3D Audio for Shared VR

Audio is a critical, though often overlooked, part of the VR experience. Quality audio is essential for easy communication between real people. But it also has a meaningful impact on a user's sense of immersion and presence in the world. This post covers some of the recent, and we think exciting, additions we're making to our audio offering.  

There is a big difference between audio in a single-player and a shared or social environment. Processing audio to create a true 3D effect, often described as a "Head-Related Transfer Function" or HRTF, under conditions where the audio needs to be live and coming from multiple different sources is a unique challenge. Spatial audio must provide realistic, low latency localization for multiple, potentially dynamic, audio sources culminating in a quality stereo audio stream for each user.

To make progress on these requirements, we had to do three new things:  

  • develop a server-side approach for mixing 3D audio,
  • create a new audio codec designed for VR, and
  • build an environmental reverb engine 

Server-side 3D audio: In a shared live environment, with multiple people talking to each other as well as listening to other potentially real-time audio sources, 3D processing of audio cannot be done entirely on the client (as it is for typical gaming or single-player VR) because the need to send all live source streams for 3D processing would overwhelm the bandwidth of the connection to the receiver. 

Instead, multiple live sources need to be combined at a server to create a single left/right stream for each receiver. But this is a considerable problem, for several reasons: End-to-end latency to and from the server must stay below the roughly 150 milliseconds required for face-to-face interaction to feel correct. Cell phones, for example, fall short of this requirement. Some or most of the 3D processing of sound must be done at the mixer, so that the inferred position of each source with respect to the listener (the HRTF) can be preserved. There are different ways of approaching this, each with different results. Most significantly, everything streamed must be encoded, sent to the server, decoded for mixing, re-encoded as combined audio, and finally decoded for the local listeners. Encoding and decoding twice places additional demands on the codec. 

Our approach was to first break the audio into small segments (typically 10 milliseconds in length, or 240 audio samples) for transmission to and from the server, to get end-to-end latency down sufficiently low--typically about 40 milliseconds coast-to-coast in the US--for the added network delay due to 3D processing, and jitter buffering to ensure that the entire process stays below a total of about 100 milliseconds. 

Next, and most importantly, we designed a new HRTF with a low enough latency (<5 milliseconds) and high enough speed (2500 source/listener pairs on a typical Intel CPU) to create the unique left/right mix for each listener. When mixing tens of avatars talking at once, the output can have a large dynamic range; we addressed this with a floating-point pipeline and high-quality peak limiter. Finally, we created a codec to compress the audio by a factor of four.

In the end, the innovations mean that a single High Fidelity server can easily process a group of 50 people and numerous additional ambient sound sources, a meaningful benchmark given that typical output for 50 avatars and ambient sounds will greatly exceed the limits of 16-bit audio.
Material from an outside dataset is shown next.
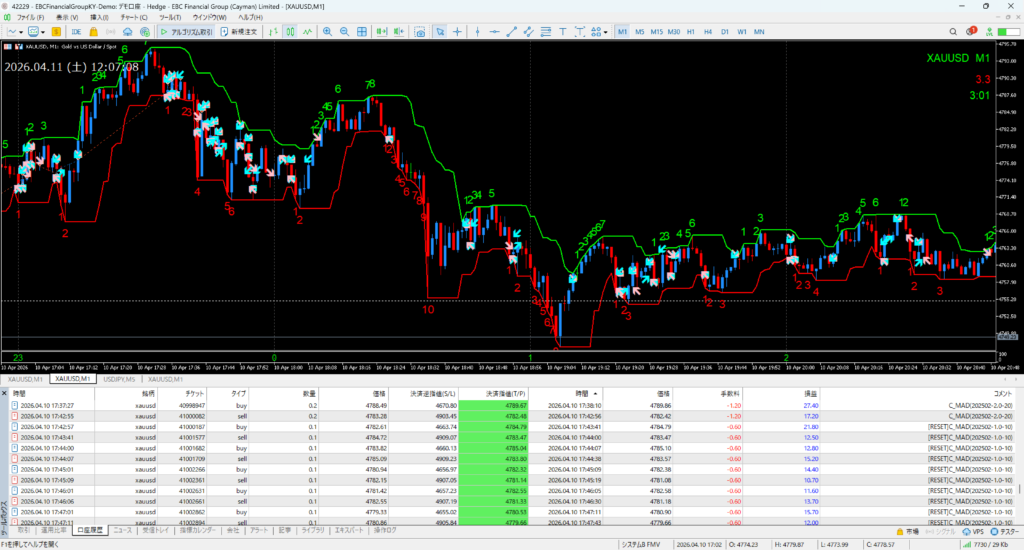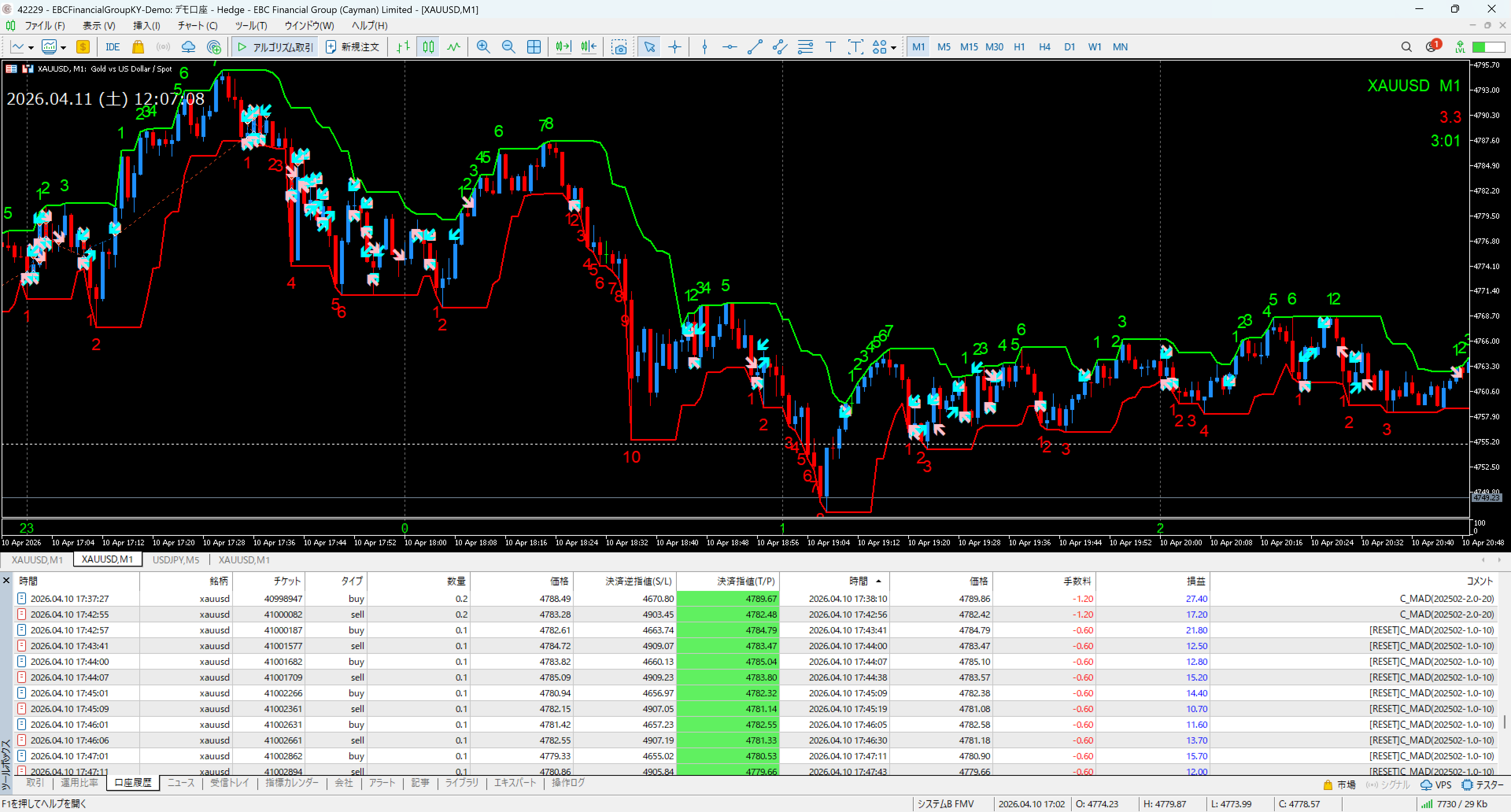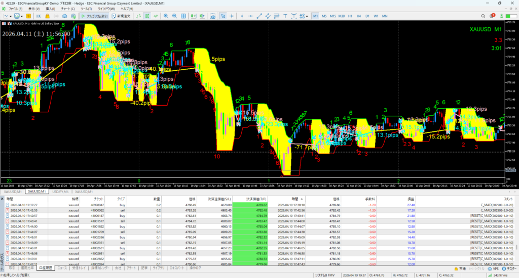昨日、4月10日の24時間の びっくりEA のトレード結果です。

Audio codec designed for VR:  Compression of audio for VR is a unique problem. Existing high-quality audio codecs add too much latency and are too slow to encode and decode at the scale required in shared VR. End-to-end latency for interactive communication should be kept below 100 milliseconds, meaning the latency imposed by a traditional transform-based audio codec, like AAC or MP3, would be too much. 

To address this challenge, we developed a subband audio codec to meet the dual goals of latency and performance. The High Fidelity Audio Codec reduces the bandwidth required for streaming voices, sound effects, and music by a factor of 4:1 with perceptually transparent quality, while adding a latency of only 4 milliseconds. The encoder and decoder are highly optimized and can process 3000 source/receiver pairs on a single server.    

Parametric reverb for environmental audio:  Room acoustics are important for creating the correct sense of presence in VR. Much of the sound of a person’s voice, even when nearby, comes from the many different reflections off the walls. Accurately reproducing all those reflections is computationally complex (as well as required for each source/listener pair), and stopping short by modeling even a considerable number of reflections can result in objectionable artifacts.

Our solution was to design a high-quality reverb engine with programmable settings that can transition smoothly and rapidly between different simulated environmental conditions. These settings automatically map to the listener's current surroundings, creating a more immersive experience. You can listen to the effect in the demo below, best experienced with headphones.

This is achieved by sampling the virtual space near the listener using raycasting. The reverb engine looks for collisions, and in real time applies reverb settings that adequately reproduce the sound of the listener's current virtual location. In the video above, you can hear this effect when the walls are suddenly removed from the room toward the end of the clip. 

Summary: As you can see from the demo clip above, the overall effect is to create an immersive 3D audio experience despite numerous live sources coming over the internet with variable amounts of delay, and with a fixed bandwidth used for each receiver. The beta version of High Fidelity sandbox has all the tech described here, and is being used today by our alpha and new beta users to create many different VR spaces.